Plaintiff in these consolidated preference actions, 11 U.S.C.A. § 547 (West 1979), is the liquidating trustee of a trust established under the modified plan of reorganization confirmed by the court in the Southern Industrial Banking Corporation (“SIBC”) case. Defendants, former holders of investment certificates sold by SIBC, received full or partial payment on their investment certificates within the 90-day period preceding the filing of the SIBC bankruptcy petition — December 10, 1982— March 10, 1983. Plaintiff now seeks to avoid these transfers as preferences. 11 U.S.C.A. § 547(b) (West 1979).

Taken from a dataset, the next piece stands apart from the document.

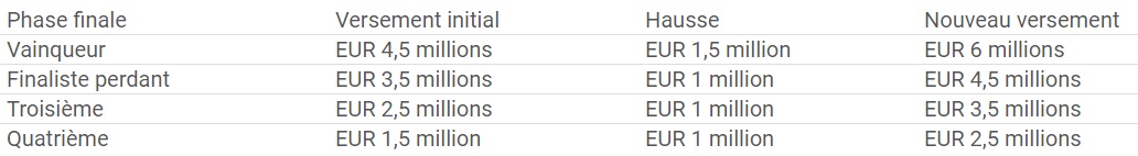 En remportant son groupe, une équipe de Ligue A empochera une prime de 2,25M€ supplémentaires. Les 4 vainqueurs de groupe de la Ligue A empocheront donc 4,5M€ à l’issue de la première phase. Ces 4 équipes participeront alors à la phase finale de l’UEFA Nations League en juin 2019. Le vainqueur de la première finale empochera un chèque additionnel de 6M€, soit un total de 10,5 millions d’euros.
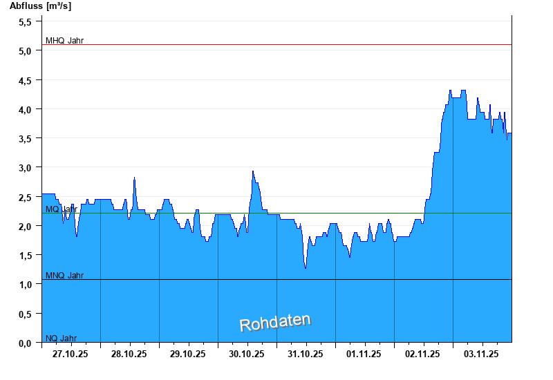 - Mittlerer Niedrigwasserabfluss MNQ 1,08 m³/s

These are adversary proceedings arising under Title 11 of the United States Code. Pursuant to 28 U.S.C.A. § 1334(b) (West Supp.1986), the district courts have jurisdiction over all cases arising under Title 11. By order dated January 16, 1986, the United States District Court for the Eastern District of Tennessee referred these adversary proceedings to this court. 28 U.S.C.A. § 157 (West Supp.1986). 1 These are core proceedings as defined in 28 U.S.C.A. § 157(b)(2)(F) (West Supp.1986), and pursuant to 28 U.S.C.A. § 157(b)(1) (West Supp. 1986). This court may hear and determine *354 all core proceedings arising in a case under Title 11 referred under 28 U.S.C.A. § 157(a) (West Supp.1986), and may also enter appropriate orders and judgments. 2

I

Introduction

Southern Industrial Banking Corporation (“SIBC”) was a Tennessee industrial loan and thrift company which was originally chartered in 1929. SIBC was permitted by law under a “grandfather” clause to operate under the name “Southern Industrial Banking Corporation,” even though other industrial loan and thrift companies were prohibited by law from using the word “bank” or “banking” in their name. In late 1982 and early 1983 SIBC was the only industrial loan and thrift company in Tennessee using the word “banking” in its name.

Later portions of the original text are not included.